Shares of One 97 Communications Ltd, parent of fintech firm Paytm, have been in focus amid news flow around the potential valuation of PhonePe’s upcoming public issue. The interest is understandable: Paytm is the closest listed comparable peer to PhonePe. Both fintech firms began by facilitating consumer and merchant payments through UPI before expanding into the distribution of financial products such as loans and insurance broking.
In a recent report, analysts at Macquarie Capital Securities said Paytm compares favourably with PhonePe as it is already profitable at the Ebitda level and could therefore see a re-rating.

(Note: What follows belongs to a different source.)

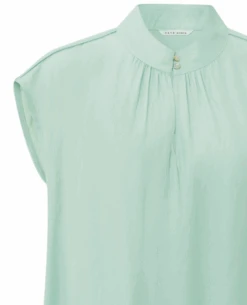 Yaya Harbor Grey Blue Top, a simple blouse in a grey-green tone. With a simple rounded collar and buttoned front, the Harbor grey top has a sleeveless finish and looks great whether tucked into denim or tailoring for a relaxed look.

Paytm’s market capitalization currently stands at about ₹77,000 crore, while PhonePe is reportedly considering a valuation of $15 billion, or around ₹1.35 trillion assuming a dollar-rupee exchange rate of 90. Since PhonePe remains loss-making at the Ebitda level, a market-cap-to-revenue comparison is more relevant. Annualizing H1FY26 net revenue (half-year ended September) implies an mcap-to-revenue multiple of about 10x for Paytm compared with 17x for PhonePe, a seemingly reasonable observation.
Still, investors should weigh two key risks before placing their bets on Paytm.

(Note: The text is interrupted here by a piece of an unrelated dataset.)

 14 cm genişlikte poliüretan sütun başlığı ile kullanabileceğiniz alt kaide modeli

First, the valuation gap between the two companies may not necessarily narrow in Paytm’s favour. A comparable example is Billionbrains Garage Ventures Ltd (Groww) and Angel One Ltd. When Groww launched its public issue, Angel One was the only prominent listed discount brokerage. Yet, Groww continues to trade at a substantial premium to Angel One. Based on Bloomberg consensus estimates, Groww trades at 29x FY28 earnings per share compared with 16x for Angel One. Perhaps, the Street believes that Groww will continue to grow faster even beyond FY28.
Another reason for Groww’s continued premium over Angel One could be its much larger NSE active customer base of about 12 million, compared with the latter’s 7 million. Higher customer base allows for more cross-selling opportunities of financial products.

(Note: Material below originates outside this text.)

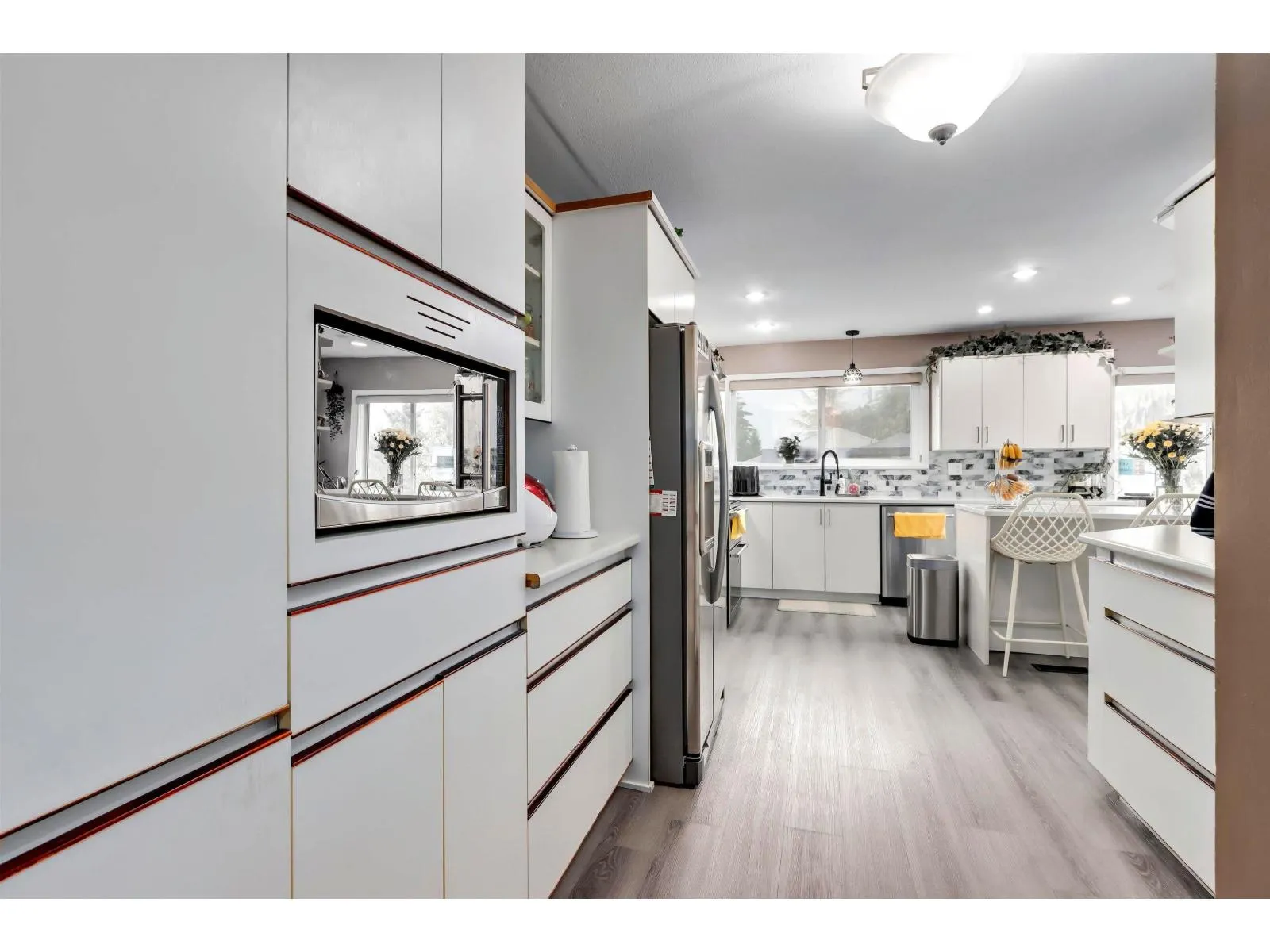 Spacious 7 bedroom, 3 bathroom family home offering approx. 3,000 sq. ft. of flexible living space in a quiet, family friendly Surrey neighbourhood. Ideal for large or multi generational households, the home is within walking distance to parks, schools, shopping and transit, including Bear Creek Park and Green Timbers. Features include a large private fenced yard, abundant parking, and attached and detached garages. Split entry design with bright upper level living room with fireplace, dining area, kitchen with island and balcony access. Lower level includes additional bedrooms, den, second kitchen, living area, laundry, and garage access. Minimum 1 year lease. One pet may be considered. No smoking. Renters insurance required. (id:27476)

A similar argument could justify a premium valuation for PhonePe over Paytm. PhonePe has around 238 million monthly active customers and 46% market share by transaction volume in FY26 so far. These figures for Paytm stand at 76 million and 7%, respectively. So, just like Groww, PhonePe has a bigger opportunity than Paytm to cross sell. In fact, Macquarie notes that PhonePe has been gaining ground in the distribution business in recent years, narrowing the gap with Paytm.
Paytm’s H1FY26 distribution revenues were 2x of PhonePe compared with 10x in FY24. If PhonePe continues to be aggressive, competitive intensity could heighten for Paytm, hurting its profit margin. Paytm derives nearly 30% of its revenue from distribution.
The second risk factor is Paytm’s absolute valuation by itself is already rich. While a relative comparison has been made above on mcap-to-revenue, Paytm’s EV/Ebitda multiple is 32x, based on the FY28 Bloomberg consensus estimate.
Sure, there is a looming threat to PhonePe’s market share from the National Payments Corp. of India, which may cap the market share of a single UPI app to 30% of total transaction volume after 2026 to lower concentration risk. But if such a cap is implemented, Paytm won’t be the only one to grab the space vacated by PhonePe as there are several others including Jio Financial.
To be sure, Macquarie, too, is not bullish on Paytm’s absolute valuation as it has a ‘Neutral’ rating on the stock. It is only saying: Paytm’s current valuation appears lower than implied valuation for PhonePe.